From the data below, copy exactly the lines that lie between the one holding "Toate suitele cu" and the one holding "Acestea sunt cizmele", including both, and nothing more.

◆ RECORDS FOR PROCESSING ◆
================================

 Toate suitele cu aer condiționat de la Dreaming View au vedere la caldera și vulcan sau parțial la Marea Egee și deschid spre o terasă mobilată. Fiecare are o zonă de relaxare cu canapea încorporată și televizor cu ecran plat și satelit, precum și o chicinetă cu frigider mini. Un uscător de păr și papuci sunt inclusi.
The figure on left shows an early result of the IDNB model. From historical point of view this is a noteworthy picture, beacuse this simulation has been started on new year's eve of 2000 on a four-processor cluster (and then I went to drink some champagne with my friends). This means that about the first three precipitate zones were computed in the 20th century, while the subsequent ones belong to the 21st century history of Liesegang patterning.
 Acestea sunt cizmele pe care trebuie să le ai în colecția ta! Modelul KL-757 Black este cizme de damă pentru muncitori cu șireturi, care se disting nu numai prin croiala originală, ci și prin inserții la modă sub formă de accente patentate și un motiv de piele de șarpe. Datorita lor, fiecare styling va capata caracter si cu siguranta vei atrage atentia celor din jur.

================================

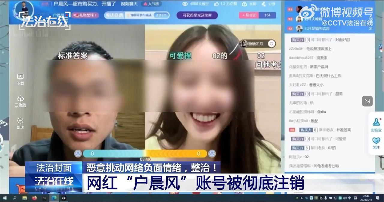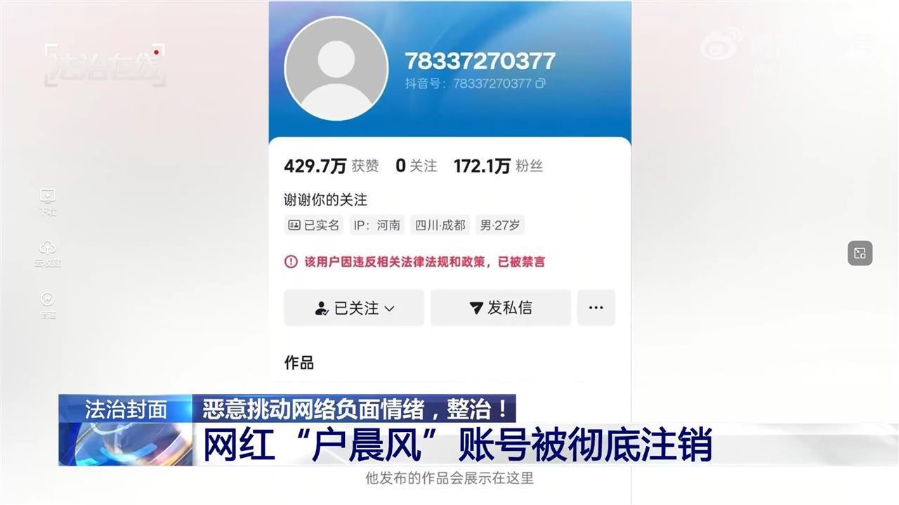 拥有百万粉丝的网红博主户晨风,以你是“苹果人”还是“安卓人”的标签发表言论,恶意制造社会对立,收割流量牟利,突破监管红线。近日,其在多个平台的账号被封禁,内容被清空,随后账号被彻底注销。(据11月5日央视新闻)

================================

◆ EXERCISE RESULT ◆
 Toate suitele cu aer condiționat de la Dreaming View au vedere la caldera și vulcan sau parțial la Marea Egee și deschid spre o terasă mobilată. Fiecare are o zonă de relaxare cu canapea încorporată și televizor cu ecran plat și satelit, precum și o chicinetă cu frigider mini. Un uscător de păr și papuci sunt inclusi.
The figure on left shows an early result of the IDNB model. From historical point of view this is a noteworthy picture, beacuse this simulation has been started on new year's eve of 2000 on a four-processor cluster (and then I went to drink some champagne with my friends). This means that about the first three precipitate zones were computed in the 20th century, while the subsequent ones belong to the 21st century history of Liesegang patterning.
 Acestea sunt cizmele pe care trebuie să le ai în colecția ta! Modelul KL-757 Black este cizme de damă pentru muncitori cu șireturi, care se disting nu numai prin croiala originală, ci și prin inserții la modă sub formă de accente patentate și un motiv de piele de șarpe. Datorita lor, fiecare styling va capata caracter si cu siguranta vei atrage atentia celor din jur.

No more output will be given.